How to create a dashboard? #
Let's assume we currently host our dashboard at localhost:3000
. Just go to localhost:3000
in your web browser and you will see the ready-to-use Metabase interface. As an admin, you're by default both a dashboard developer and a dashboard user. Since the organisation only includes yourself, there is no data governance thing you need to worry about.
In Metabase, a dashboard is composed of multiple questions. A question is just a single data visualisation view based on a certain SQL query. To create a question, I always prefer to write my own queries as a data scientist myself, just to have the full flexibility, but it is also possible that you do it in a beginner-friendly way. Metabase can understand data structures quite well. You can choose to ask data questions without writing any SQL but just clicking some options Metabase prepared for you.
After processing the data, either through SQL or clicking options on the user interface, you can start visualising the processed data for this question. Based on the structure of processed data, Metabase will offer you all the possible types of visualisations. Choose one and the data will be immediately displayed.

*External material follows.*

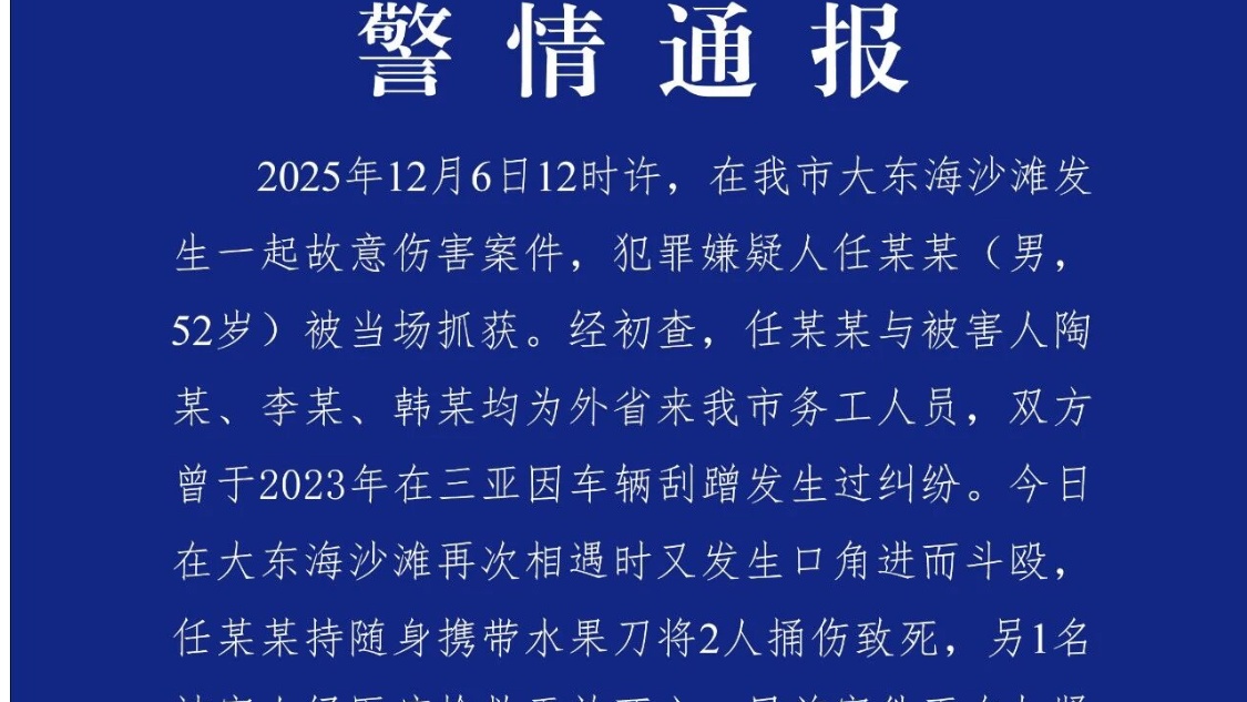 三亞警方通報(bào):一男子持刀致3死 犯罪嫌疑人已被抓獲

Once you've created all the questions and get them answered by the visuals, you can bring them together into one dashboard. Here is an example of my dashboards. I ingested all my Fanfou (Chinese Twitter especially for Chinese hipsters) posts and stored them in my database. I used a language embedding model to turn every post into an embedding vector. Then I reduced the dimensions to 2 by running a PCA (principal component analysis) algorithm to the embedding vectors.
In the first question view, I plot the data points of my Fanfou posts in the two dimensions and use colors to indicate the year of the post. In the second question view, I plot the time series of two dimensions of PC (principal components). Apparently, my 2nd-dimension PC has decreased a lot in recent years. I'm not very sure about the virtue of the story yet regarding this mysterious PC2, but it's a lot of fun to have my own text data to be analyzed and visualized.